And Kelsey led these fundamental studies where she started injecting these lipid nanoparticles into the bloodstream of pregnant mice to see where they go. And what we found was none of them went to the fetus, but in the actual placenta tissue.

A lot of these particles collected and delivered mRNA to those cells in the placenta, the trophoblasts, the endothelial cells that make up the blood cells, and also some immune cells. And I'll let Kelsey take it from here, but that led us to ask the question, well, can we design a lipid nanoparticle that specifically goes to the placenta? And if it does, can we leverage it therapeutically?

So like Mike said, once we identified that particles are accumulating in the placenta, they're delivering the mRNA, we had to ask, okay, how can we tailor this technology that's been used in the COVID vaccines for preeclampsia? And that's kind of when picking the right mRNA or the right therapeutic cargo comes in. So in this case, we're delivering VEGF mRNA or vascular endothelial growth factor mRNA to try to induce

reduce vasodilation or promote a healthy blood flow environment in the placenta. So you knew that some of these lipid nanoparticles were going to the placenta, but most actually go to the liver. So how did you go about tweaking them to make sure that most of them are actually going to the placenta and delivering the mRNA there?

You're right. Absolutely. Most LMPs, when you administer them, IV tend to accumulate in the liver. And that's why a lot of applications of LMPs to date have been for, you know, liver based or liver centric disorders. Here, we actually used a high throughput screening approach to screen a large library of LMPs because we,

really didn't know what was going to work or what wasn't going to work. So we kind of just made a large library of about 100 LMPs and were able to test those in vivo and identify which ones enabled more delivery to the placenta and less delivery to the liver. And when you're saying in vivo, these were experiments in mice, right? Yes, absolutely. And so by looking through this high throughput screening, you found better lipid nanoparticles for the placenta.

how well were they able to get there? So we definitely found a particle that enabled really great mRNA delivery to the placenta. So we benchmark kind of our particle against, you know, some that are used in the field pretty typically to deliver mRNA. And our particle enabled more than an order of magnitude greater mRNA delivery to the placenta than some of these, you know, industry standard particles, which is really exciting.

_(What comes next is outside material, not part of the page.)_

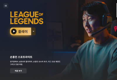 처음에는 로그인 화면이 있고 로그인을 하게 되시면 리그오브레전드 밑에 플레이 버튼이 있는데 눌러서 들어가주세요! 근데 화면이 손흥민 선수로 바뀌었네요! ㅋㅋ

And one thing I'll add to what Kelsey said is when we think about these lipid nanoparticles, they are not one size fit all, where you could take one type of LNP and use it for a range of applications. You really need to tailor it to the biological microenvironment that the nanoparticle sees.

And what we noticed was interesting about these particles is they have what is known as a protein corona that forms around them that is very unique compared to other types of lipid nanoparticles. And it's really the chemistry that dictates it. The chemistry of the particle will dictate what types of proteins ultimately interact with it. And Kelsey shows in her paper that this seems to play a key role in delivery to the placenta.

So are there particular proteins in the placenta that I guess are more attractive to the lipid nanoparticle? It's actually the proteins that are in the bloodstream, right? When we administer these lipid nanoparticles, pretty much instantaneously proteins from your blood kind of are attracted to the nanoparticle. And which exact protein is kind of attracted to your nanoparticle kind of dictates where the particles go. So here, the protein that we identified that

is really promoting this delivery to the placenta. It's like a glycoprotein, it's called beta-2-glycoprotein-1. So it enables some future applications potentially of this work to try to really rationally design further nanoparticle formulations that are even better at delivering mRNA to the placenta based on this idea of protein corona formation. So the lipid nanoparticles were getting to

the placenta. I guess the key question is, how much did this help with preeclampsia? So we did two different mouse models of preeclampsia. And in both of these, you're kind of inducing preeclampsia pretty early in mouse gestation at about day seven, because mice are pregnant for about 19, 20 days or so. So we're inducing preeclampsia pretty early in gestation. And then we administered our therapeutic at about mid gestation at about day 11. And

And with the placenta particle that delivers VEGF mRNA to the placenta, we saw that we were able to reduce hypertension pretty much instantaneously and blood pressure stayed reduced through the end of gestation. So it was a really exciting outcome. And I think it suggests that

perhaps we're remodeling the vasculature that's in the placenta to kind of see a really sustained therapeutic effect. And what I'll add is in the paper, you could really see the differences. If you look at the healthy mice,

The fetus from the mother, it's large, it's healthy. If you look at the fetuses from the mother with preeclampsia, those fetuses are much smaller in size. They almost look shriveled up because of poor nutrient and oxygen transport. But with just one dose of that mRNA lipid nanoparticle to basically normalize that vasculature,

the fetus from the mother looks almost exactly the same.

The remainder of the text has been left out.